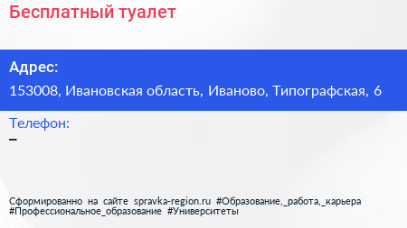 Бесплатный туалет по адресу 153008, Ивановская область, Иваново, Типографская, 6 в дальнейшем Организация, размещена в следующих категориях:
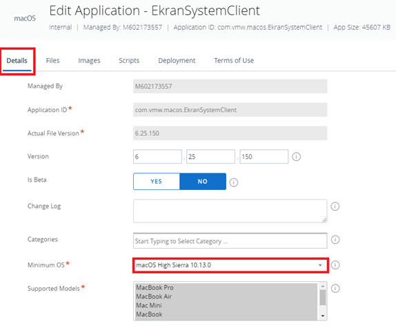5. On the Details tab, select the oldest-supported version of macOS in the Minimum OS field.
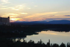 143 Восход над рекой. Вдали, слева сопка на которой стояла "Канва". 20 января 2010 года. Автор - Игорь Логинов |

● ● ● ●

Please write out the material from the line containing "5. On the Details" to its final line, both inclusive, exactly as it appears; pictures are not part of the copy.

— Exercise solution —
5. On the Details tab, select the oldest-supported version of macOS in the Minimum OS field.
 143 Восход над рекой. Вдали, слева сопка на которой стояла "Канва". 20 января 2010 года. Автор - Игорь Логинов |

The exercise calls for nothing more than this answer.